Klehmet Juliane, Staudt Max, Ulm Lena, Unterwalder Nadine, Meisel Andreas, Meisel Christian
Department of Neurology, Charité Universitaetsmedizin, Charitéplatz 1, Berlin, Germany.
Department of Immunology, Labor Berlin Charité Vivantes, Sylter Strasse 2, Berlin, Germany.
J Neuroimmunol. 2015 Jun 15;283:17-22. doi: 10.1016/j.jneuroim.2015.03.023. Epub 2015 Apr 7.

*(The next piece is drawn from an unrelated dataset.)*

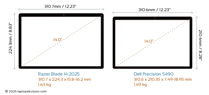 HDMI Blade 14 2025 features an HDMI port (1x HDMI 2.1) for connecting to external monitors. Precision 5490 does not have an HDMI port.

The present study compared lymphocyte and T memory subsets in currently untreated patients with chronic inflammatory demyelinating polyneuropathy (CIDP) to glucocorticosteroid (GS) and intravenous immunoglobulin (IVIG) treated patients. Peripheral blood from 48 CIDP patients (21 untreated who were either treatment naïve or without treatment during the last 3 months, 17 IVIG and 10 GS treatment) and from 12 age-matched controls was evaluated using flow cytometric analysis. Our data demonstrate that long-term GS treatment is associated with reduced frequencies of total CD4+ T cells, CD4+ memory subsets and NK cells while long-term IVIG treatment is associated with alterations of the CD8+ memory compartment. Reduction of CD4+ naïve T cell counts may explain the observation that GS treatment induces prolonged clinical remission compared to IVIG treatment.

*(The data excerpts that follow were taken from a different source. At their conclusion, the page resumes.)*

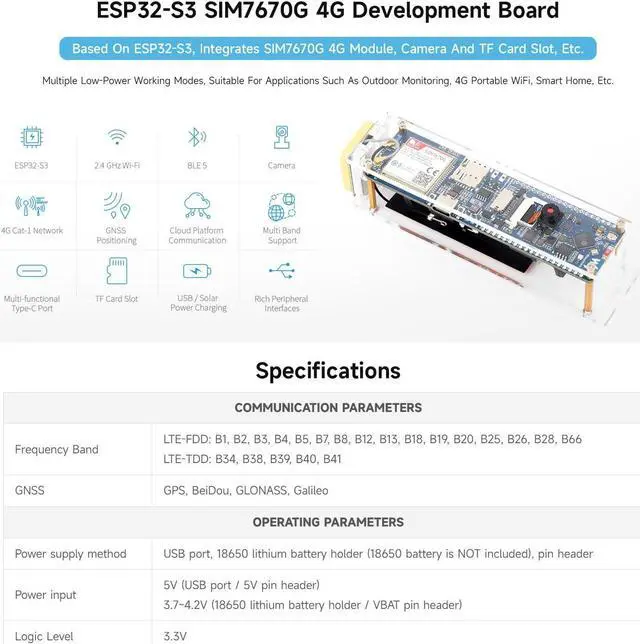 Waveshare ESP32-S3 SIM7670G 4G Development Board, LTE Cat-1 / WiFi/Bluetooth/GNSS Positioning Support, Global Coverage Multi Band, Suitable for 4G Portable WiFi, Onboard Camera/Antenna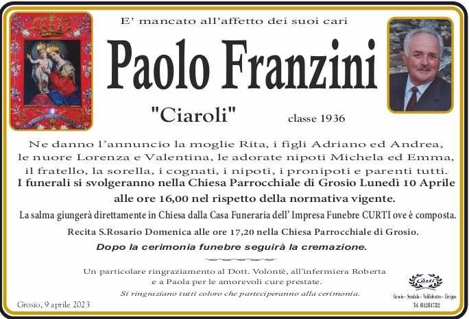 Lascia un messaggio di cordoglio, lo recapiteremo ai familiari di Franzini Paolo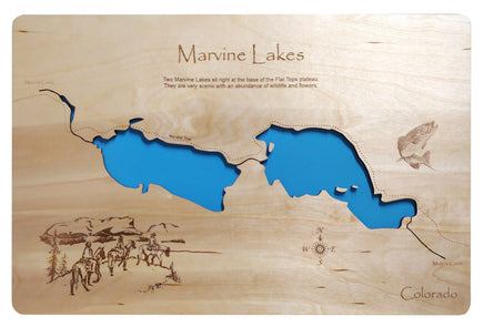This is a beautiful, detailed, laser engraved and precision cut map, including lake information such as surface area, elevation and maximum depth.

本研究比较了慢性炎性脱髓鞘性多发性神经病(CIDP)目前未治疗患者与糖皮质激素(GS)及静脉注射免疫球蛋白(IVIG)治疗患者的淋巴细胞和T记忆亚群。使用流式细胞术分析评估了48例CIDP患者(21例未治疗患者,包括初治患者或过去3个月内未接受治疗的患者、17例接受IVIG治疗的患者和10例接受GS治疗的患者)以及12例年龄匹配对照者的外周血。我们的数据表明,长期GS治疗与总CD4+T细胞、CD4+记忆亚群及自然杀伤(NK)细胞频率降低有关,而长期IVIG治疗与CD8+记忆区室改变有关。CD4+初始T细胞计数减少可能解释了与IVIG治疗相比,GS治疗可诱导更长时间临床缓解这一观察结果。